My father’s point, or so it seemed to me at the time, was that I would end up costing myself money that I might not have to spend. I couldn’t see it. I signed up for shop class at my small-town high school because it seemed like the thing to do, but it bored the daylights out of me. Besides, I thought, this isn’t useful for the kind of vocation and life I have planned for myself.

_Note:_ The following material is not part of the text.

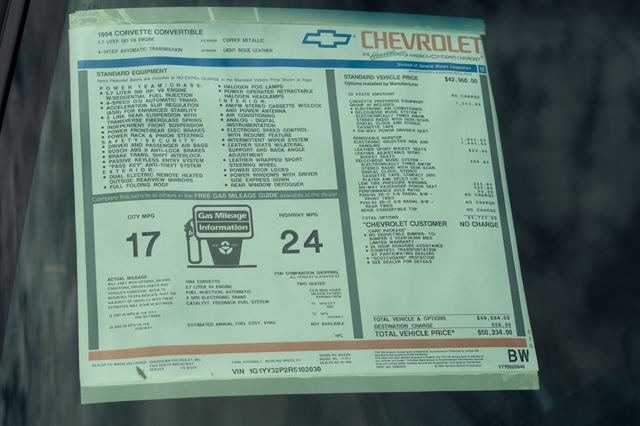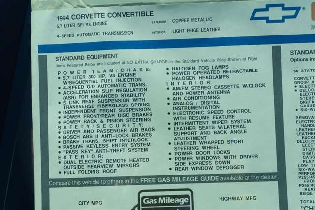 1994 CHEVROLET CORVETTE CONVERTIBLE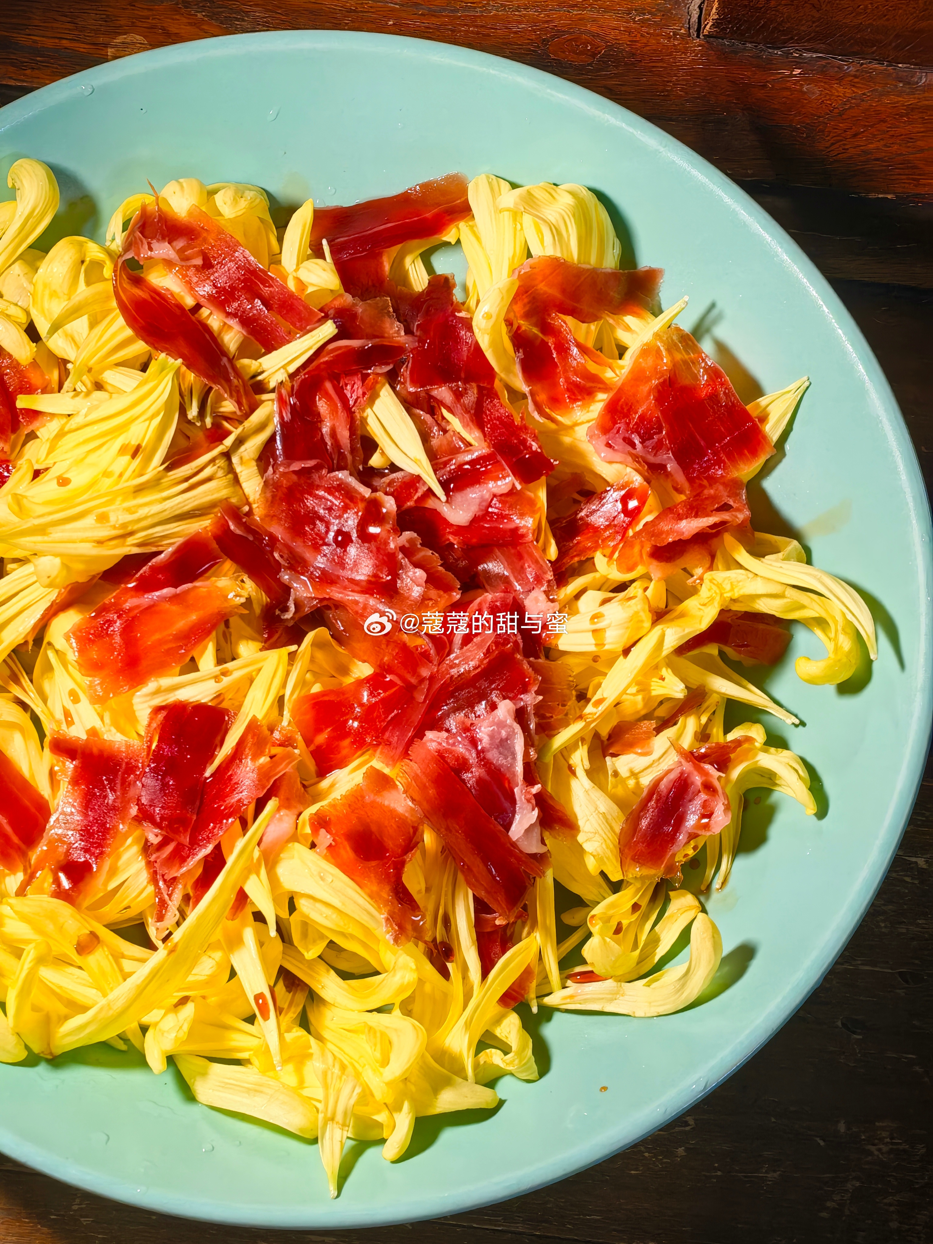 【蔻家餐桌】晚饭做了几道春菜。10年陈摩德纳黑醋伊比利亚火腿拌菊花蔻记腊八蒜炒肥

As it turned out, for most of my ca reer I’ve made more money than my father ever did, and it’s never been a hassle to pay for repairs (though my dad is the kind of man who would fix his own busted stuff even if he were a millionaire, as a matter of personal pride). In recent years, however, I’ve come to understand that what Daddy really meant was that I would feel less of a man if I outsourced out home repair to other men. I confess that I’ve come to understand in recent years what he meant. There’s nothing quite like the shroud of emasculating guilt that settles over me when a man who doesn’t have the education I have and haven’t read the books that I’ve read comes into my house and does things that I cannot do for myself. It doesn’t matter that I have the money to pay for this. As my old man would say, it’s the principle of the thing.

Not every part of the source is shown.